Oocytes were obtained from anesthetized Xenopus laevis frogs via surgical ovarectomy in accordance with the National Institutes of Health guidelines for the care and use of laboratory animals. All efforts were made to minimize suffering and the number of frogs used. Extracted ovarian tissue was placed in Modified Barth's Solution adjusted to pH 7.5 (88 mM NaCl, 1 mM KCl, 2.4 mM NaHCO3, 0.91 mM CaCl2, 0.82 mM MgSO4, Ca(NO3)2, 10 mM HEPES). After manual isolation with forceps, oocytes were treated with collagenase type 1A solution containing 0.5 mg/ml collagenase, 83 mM NaCl, 5 mM HEPES, 2 mM KCl, 1 mM MgCl2, adjusted to pH 7.5 for 10 min. Oocyte nuclei were injected via the animal pole with human α1 GlyR, GLIC, or GLIC/GlyR chimera cDNA (1-5 ng) using a Nanoject II microdispenser (Drummond Scientific). Injected oocytes were stored singly at 13°C in Modified Barth's Solution supplemented with 90 mg/l theophylline, 50 mg/l gentamycin, 10000 u/l penicillin, 10 mg/l streptomycin, 220 mg/l sodium pyruvate, 50 μM picrotoxin for 2–17 days.

Electrophysiology

Oocytes were fixed in wells with continuous flow of Ringer's buffer (123 mM NaCl, 2 mM KCl, 2 mM MgSO4, 2 mM CaCl2, 10 mM HEPES). For GlyR and GLIC recordings, Ringer's buffer was adjusted to pH 7.4; for chimera recordings, pH was adjusted to 8.5. For GLIC and chimera recordings, activation buffers were prepared by substituting 10 mM citrate (pH 4–6) or 10 mM MOPS (pH 6.5–7) for HEPES, then adjusting pH accordingly. For GlyR and some chimera recordings, 10 mM tricine was added prior to pH adjustment. Solutions were perfused at a rate of 2 ml/min by a peristaltic pump (Masterflex) via 18-gauge Teflon-Viton tubing. Twin microelectrodes encased in glass insulators were filled with 3 M KCl solution and inserted into oocytes. Electrodes were connected to an OC-725C voltage clamp (Warner Instruments). Membrane potentials were clamped at −70 mV and allowed to perfuse in picrotoxin-free buffer ≥5 minutes prior to recording. Electrical currents were digitized and analyzed via a PowerLab 4/30 digitizer (AD Instruments).
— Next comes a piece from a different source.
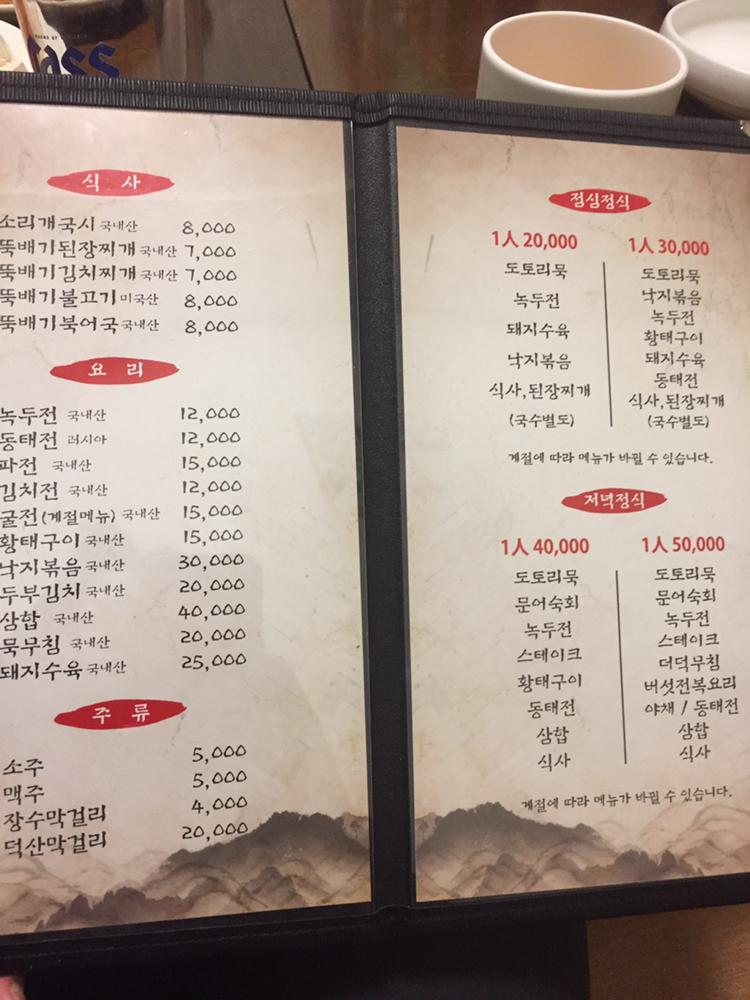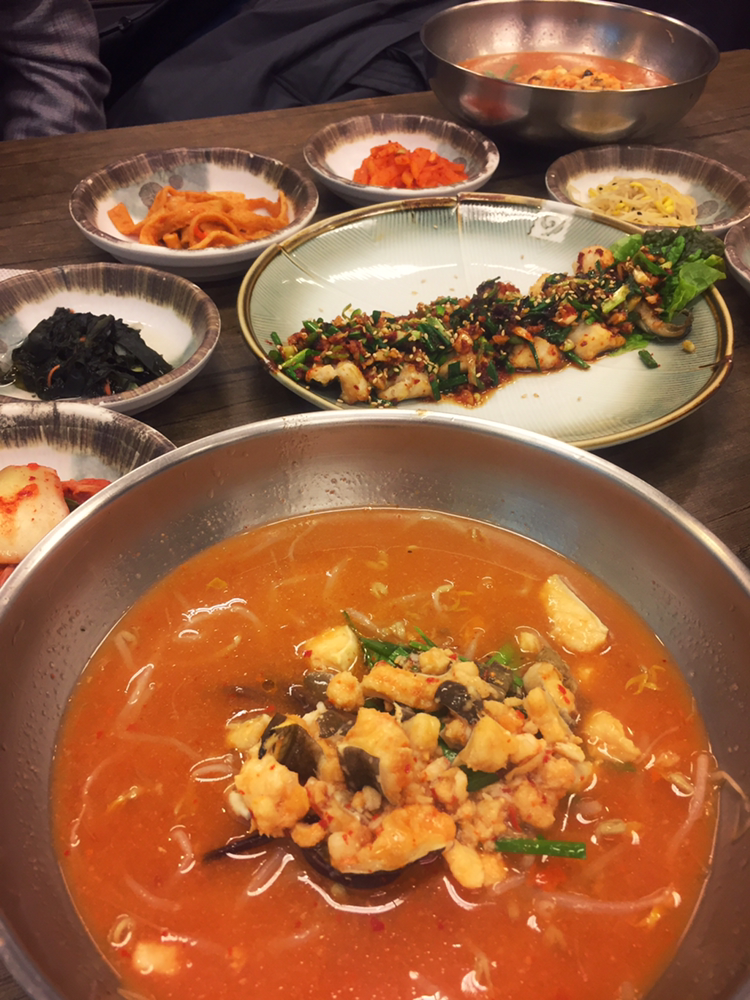 20. 늦게 갔지만 일행들이 죽과 들깨버섯탕, 샐러드를 따로 챙겨놓았고. 녹두닭, 황태구이, 낙지파전 등 괜찮은 안주가 즐비했다. 마지막이 황태국이라 음주와 해장을 동시에. 8명 방이 있어 편했는데, 코스 2만원. 식혜와 떡 안나온듯. 봉은사역 진부령황태명가

Activation and modulation of GlyR, GLIC, and chimera currents were measured as previously described (Howard et al., 2011, Mascia et al., 1996). Briefly, GlyR activation was initially calibrated by 15 sec application of saturating (3 mM) glycine. After 15 min washout, low-glycine solutions were tested for 30 sec periods until the EC10 concentration was identified, which was then used for subsequent measurements. GLIC and chimera receptors were activated by 1–2 min application of low-pH buffer, followed by a 5 min washout.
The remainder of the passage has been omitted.